CHS: Small: Collaborative Research: Optimizing the Human-Machine System for Citizen Science

Project: Research project

Project Details

Description

This research aims to improve the efficiency, accuracy, and usability of online systems supporting citizen science, in which communities organized around serious scientific research projects combine the contributions of amateurs and professionals. In order to respond most efficiently to the increasing data deluge across multiple domains, citizen science platforms need to be more dynamic and complex - incorporating intelligent task assignment and machine learning strategies. Systems that make use of both human and machine intelligence are of interest to scientists from a wide range of disciplines. Whether viewed as social machines or as active learning systems in which progressive input from humans improves machine learning, these hybrid systems exhibit complex behavior which needs to be understood for effective system design. For example, machine learning researchers have concentrated on using the large training sets produced by citizen science projects in order to train algorithms that are later applied to a full dataset.
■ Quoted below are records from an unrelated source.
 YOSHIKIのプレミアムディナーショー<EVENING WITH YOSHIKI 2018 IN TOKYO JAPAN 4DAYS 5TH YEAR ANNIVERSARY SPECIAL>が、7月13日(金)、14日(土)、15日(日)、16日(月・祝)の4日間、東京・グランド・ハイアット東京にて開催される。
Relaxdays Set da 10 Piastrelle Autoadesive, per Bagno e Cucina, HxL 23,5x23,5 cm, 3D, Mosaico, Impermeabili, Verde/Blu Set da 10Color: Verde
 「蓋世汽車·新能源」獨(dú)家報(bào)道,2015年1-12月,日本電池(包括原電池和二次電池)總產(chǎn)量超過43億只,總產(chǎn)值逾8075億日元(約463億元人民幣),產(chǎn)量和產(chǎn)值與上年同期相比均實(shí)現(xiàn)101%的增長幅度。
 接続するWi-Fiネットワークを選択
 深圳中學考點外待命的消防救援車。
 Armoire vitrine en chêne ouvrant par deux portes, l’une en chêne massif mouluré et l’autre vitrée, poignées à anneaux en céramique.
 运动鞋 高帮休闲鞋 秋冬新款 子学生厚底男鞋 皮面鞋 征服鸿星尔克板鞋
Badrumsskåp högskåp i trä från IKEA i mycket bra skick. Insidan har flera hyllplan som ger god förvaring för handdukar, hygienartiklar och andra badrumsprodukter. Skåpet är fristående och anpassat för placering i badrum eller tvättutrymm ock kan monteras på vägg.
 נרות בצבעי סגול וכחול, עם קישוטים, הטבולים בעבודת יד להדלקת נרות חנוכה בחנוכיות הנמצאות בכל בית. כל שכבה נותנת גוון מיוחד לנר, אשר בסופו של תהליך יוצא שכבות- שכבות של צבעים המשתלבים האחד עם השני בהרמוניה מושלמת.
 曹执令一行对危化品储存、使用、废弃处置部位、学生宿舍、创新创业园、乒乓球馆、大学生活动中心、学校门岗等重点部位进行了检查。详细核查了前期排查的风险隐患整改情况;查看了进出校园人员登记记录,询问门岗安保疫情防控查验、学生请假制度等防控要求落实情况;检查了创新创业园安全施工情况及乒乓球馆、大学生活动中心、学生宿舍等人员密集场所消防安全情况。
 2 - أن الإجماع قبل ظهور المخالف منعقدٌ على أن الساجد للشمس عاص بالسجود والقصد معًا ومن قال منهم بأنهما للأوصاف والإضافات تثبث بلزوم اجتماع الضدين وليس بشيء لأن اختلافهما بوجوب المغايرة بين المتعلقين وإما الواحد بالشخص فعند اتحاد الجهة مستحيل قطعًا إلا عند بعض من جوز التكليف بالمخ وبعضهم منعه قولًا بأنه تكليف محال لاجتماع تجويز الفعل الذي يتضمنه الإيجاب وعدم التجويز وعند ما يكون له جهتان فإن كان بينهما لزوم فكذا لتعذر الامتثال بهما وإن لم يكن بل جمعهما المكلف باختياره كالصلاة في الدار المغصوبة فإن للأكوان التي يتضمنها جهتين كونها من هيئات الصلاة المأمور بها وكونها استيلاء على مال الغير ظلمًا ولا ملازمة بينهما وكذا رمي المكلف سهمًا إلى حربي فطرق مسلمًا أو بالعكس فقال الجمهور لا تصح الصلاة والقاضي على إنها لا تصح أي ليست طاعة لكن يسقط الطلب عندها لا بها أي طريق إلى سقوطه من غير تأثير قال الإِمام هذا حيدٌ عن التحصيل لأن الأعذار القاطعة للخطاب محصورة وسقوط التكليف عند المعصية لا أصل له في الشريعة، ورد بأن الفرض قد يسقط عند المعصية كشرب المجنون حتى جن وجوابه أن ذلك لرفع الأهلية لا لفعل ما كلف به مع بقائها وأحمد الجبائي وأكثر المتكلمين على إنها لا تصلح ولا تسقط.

Yet this serial processing may not be the most efficient use of the human or machine effort. The main research goal of this project is to investigate how the overall efficiency of the combined human-machine system is impacted by the separate components and their related properties and what the implications are for either human or machine classifiers or both. This process will test the hypothesis that improved overall efficiency will actually reduce the load on expert human classifiers instead of, as currently required, needing larger expert training sets for machines.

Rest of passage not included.